Wednesday, January 4, 2017

A New Year and next JSAT version

Happy new year everyone! I'm recovering from surgery nicely, and hoping to start the new year with a more upward trend on matters related to my health. This has really slowed down a lot of my plans for JSAT, but I hope it still be useful to everyone. I'm going to prepare a release of the current changes, which may be of interest to some. I added two new SVM classes, one called SVMnoBias, which is useful for most kernels (it has to be normalized, which the RBF kernel and similar friends are) people are interested in. This new SVM class is faster than the PlattSMO one, and used to implement the Divide and Conquer SVM solver, which is supposed to be very fast despite being an approximation when using early stopping (which is the default).

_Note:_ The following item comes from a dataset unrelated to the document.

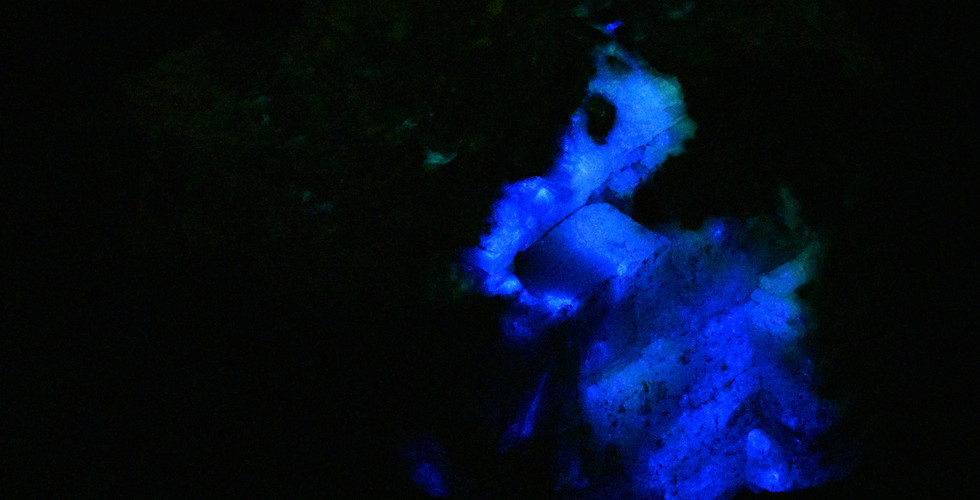 Fluorescent and phosphorescent response under various UV wavelengths. Interestingly, the limestone matrix is also fluorescent, most brightly under mid and long wave UV. Mouse over scrolling images for UV wavelength information.

I haven't tested this on any super large datasets yet, but initial results looked promising. The Kernel K-Means also got improvements in runtime.

Some of the stuff I'm planning to work on in the near future include a follow up to the AMM, called the Convex Polytope Machine. I'm also hoping to round out some more of the kernel methods, as a few recent papers have proposed some interesting looking approximate feature space algorithms for the RBF kernel that would be a good improvement of the Random Fourier Features currently implemented. I've also received a few requests about Neural Networks in JSAT. While I think there are a lot of much better Neural Network tools out there (especially when it comes to using GPUs), I'm going to go back and add Batch Normalization as a layer option. I've thought about adding convolutions as well, but I think there are too many great tools for that use case. Anything I implement is going to be considerably slower, especially without a GPU, so I'd rather people use other, better, tools instead.

Longer term I'm thinking of putting some of the improvements discussed in the XGBoost paper into JSAT.